Гек выхватил оружие, вгляделся пристальнее.
– Как же я мог так облажаться? Ну выпитая «Астра»! Держи, – он сунул револьвер Лесику, – да больше не махай им почем зря.
– Нервы, – вздохнул тог, пряча оружие. – А вы ништяк ребята! – уронил, отходя.
– Ладно‑ладно, проваливай! – засмеялся Игорь. – Все мы хорошие...
У бабы Зины свет не горел – спала, значит.
– А‑а‑а, до утра как‑нибудь перекантуемся! – беспечно махнул рукой Игорь. – Ты, Жень, на кровати, дед Федя – на диване, а мы втроем– на ковре. Вообще‑то... если ты боишься...
– Запомни, Игорь! – наставительно перебила его Женя. – Четверо нормальных мужчин никогда не изнасилуют спящую среди них женщину.
– Почему? – в один голос изумились приятели.
– Да потому что всю ночь будут подглядывать друг за другом, притворяясь спящими, – Женя засмеялась и вошла в открытую Игорем дверь.
Дед Федя, сидящий за кухонным столом напротив Влада, чуть не подавился очередным глотком «Амаретто».
– Едрит твой ангидрид! Енто што же, в баре там всем по такой красавице выдают? – он юлой завертелся вокруг нее, оглядывая со всех сторон и не переставая цокать от восхищения языком.

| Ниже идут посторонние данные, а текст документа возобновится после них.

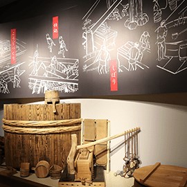 隣接する「しょうゆ味わい体験館」では、醤油の歴史を学べる展示のほか、きき味体験や、醤油の香り・色・味の違いを五感で楽しめるコーナーもあり、子どもから大人まで興味深く見学することができます。また、名物の「醤油ソフトクリーム」や、オリジナルの醤油商品などお土産選びも楽しい時間を過ごせることでしょう。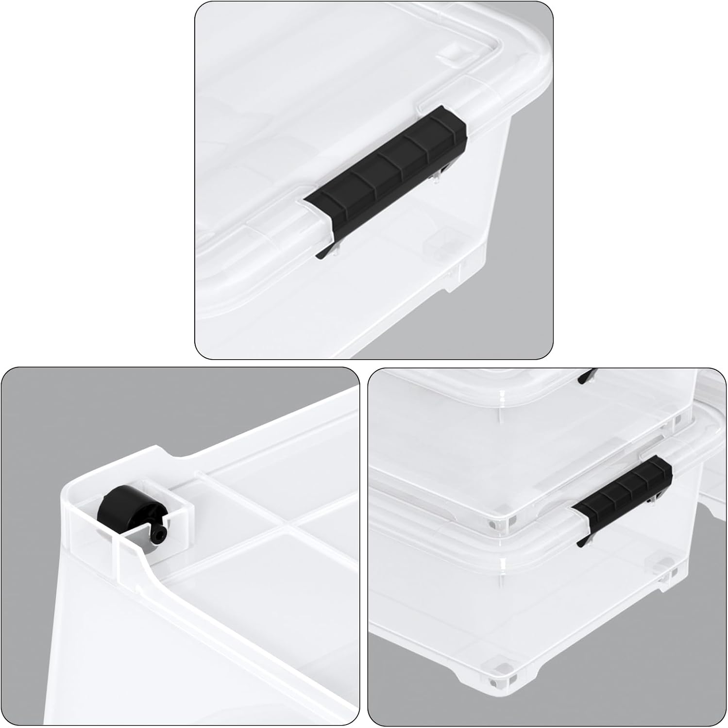 50 Quart Large Clear Plastic Under Bed Storage Bins with Wheels, 3-Pack Stackable Storage Bin with Latching Lid

Вошедший вслед за Женей Гек прыснул, глядя на него.
– Недаром ты, Жень, включила нашего деда в список настоящих мужчин, – пояснил он всем причину своего веселья.
– А ты што, не веришь? – подскочил к нему дед. – Дак спроси мою Лизуху... – тут уже грохнул общий хохот. Поняв, что сболтнул лишнее, дед подумал и... треснул Гека по шее.
– Не провоцируй другой раз!
– Да он мусульманин, ваш дед! – заорал от стола уже порядком захмелевший Влад. – Свинину не ест, – показал он на банку тушенки, – а закусывать больше нечем. Значит, мусульманин!
– Да я ее, энту свинину, принципиально потреблять перестал после одного антиресного случая! – попытался реабилитировать себя дед Федя. Тут же все насели:
– Расскажи!
– Ладно! – махнул рукой. – Специально для вас, – поклонился Жене. – Было енто зимой, как раз под Новый год... – Здесь обычно при каждом новом изложении этого замечательного случая дед Федор обязательно вставляет новое начало, а то и вовсе ставит всю историю с ног наголову. Так что позвольте, уважаемый Читатель, самому Автору рассказать, что вышло у двух кумовьев из попытки зарезать к новогоднему стопу свинью Машку, ибо кому же еще знать более достоверно то, что написал сам...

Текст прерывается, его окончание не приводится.